• **Task requirements**
Once the pictures are removed, return each record below exactly as written.

• **Recorded information**
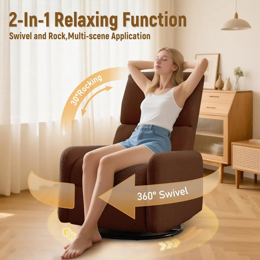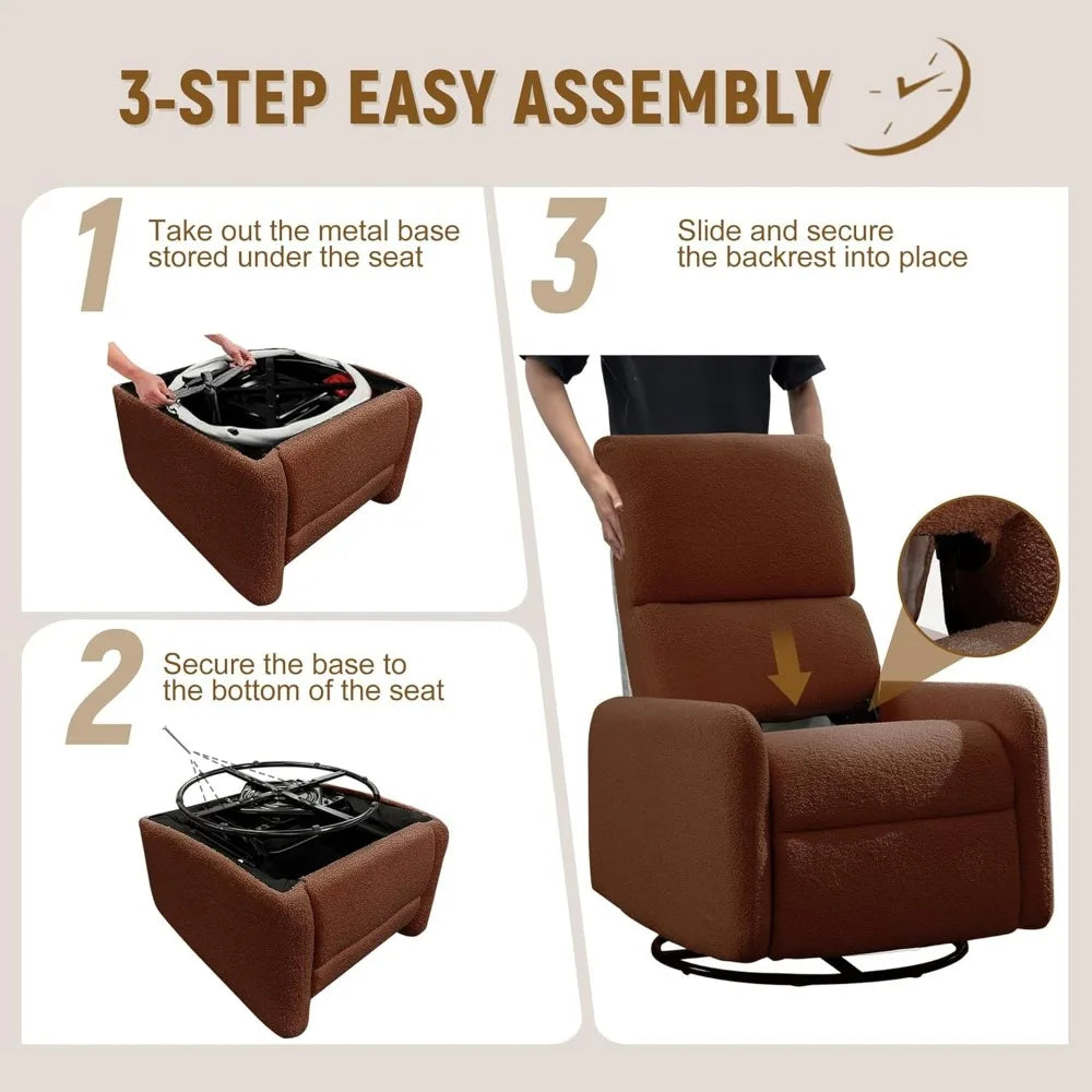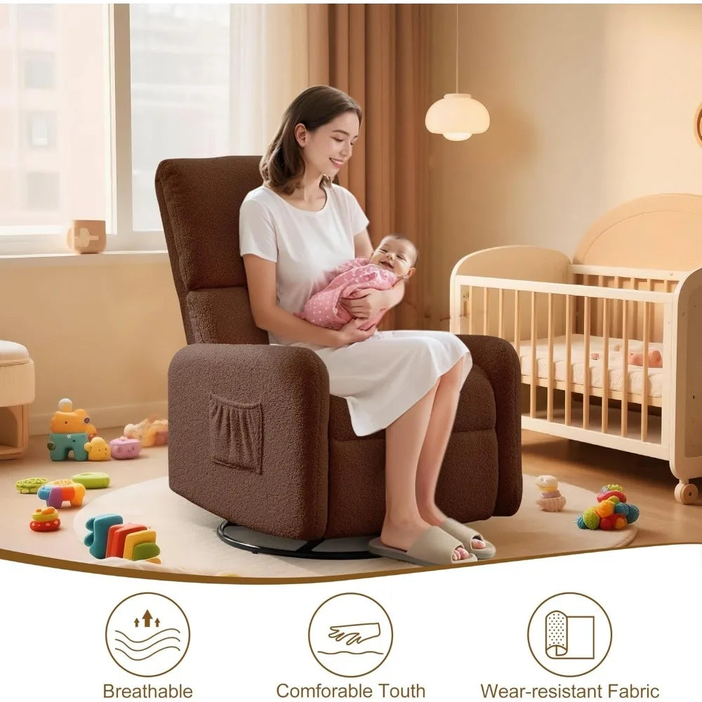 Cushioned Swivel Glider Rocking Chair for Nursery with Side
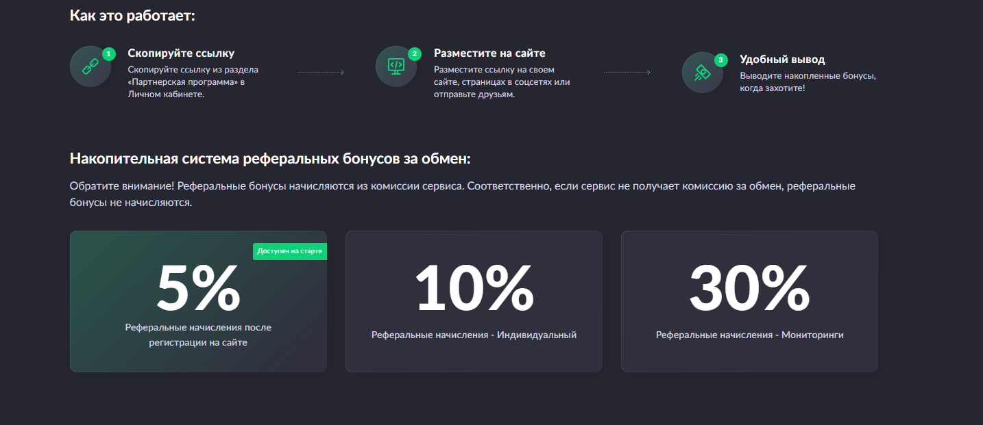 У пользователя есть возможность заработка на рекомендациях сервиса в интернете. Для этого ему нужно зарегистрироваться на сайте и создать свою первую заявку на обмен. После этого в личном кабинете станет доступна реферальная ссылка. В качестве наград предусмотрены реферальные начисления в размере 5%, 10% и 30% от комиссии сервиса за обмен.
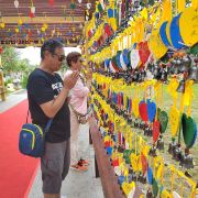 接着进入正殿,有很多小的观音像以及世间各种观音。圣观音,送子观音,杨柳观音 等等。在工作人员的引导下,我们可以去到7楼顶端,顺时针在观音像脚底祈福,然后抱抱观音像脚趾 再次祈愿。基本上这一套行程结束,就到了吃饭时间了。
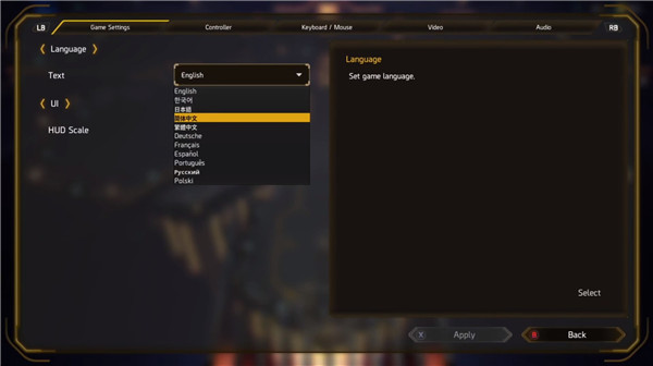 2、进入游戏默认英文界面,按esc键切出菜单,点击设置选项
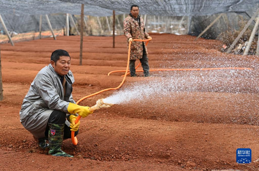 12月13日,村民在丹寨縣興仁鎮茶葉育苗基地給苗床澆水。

• **Response to this task**
 Cushioned Swivel Glider Rocking Chair for Nursery with Side
 У пользователя есть возможность заработка на рекомендациях сервиса в интернете. Для этого ему нужно зарегистрироваться на сайте и создать свою первую заявку на обмен. После этого в личном кабинете станет доступна реферальная ссылка. В качестве наград предусмотрены реферальные начисления в размере 5%, 10% и 30% от комиссии сервиса за обмен.
 接着进入正殿,有很多小的观音像以及世间各种观音。圣观音,送子观音,杨柳观音 等等。在工作人员的引导下,我们可以去到7楼顶端,顺时针在观音像脚底祈福,然后抱抱观音像脚趾 再次祈愿。基本上这一套行程结束,就到了吃饭时间了。
 2、进入游戏默认英文界面,按esc键切出菜单,点击设置选项
 12月13日,村民在丹寨縣興仁鎮茶葉育苗基地給苗床澆水。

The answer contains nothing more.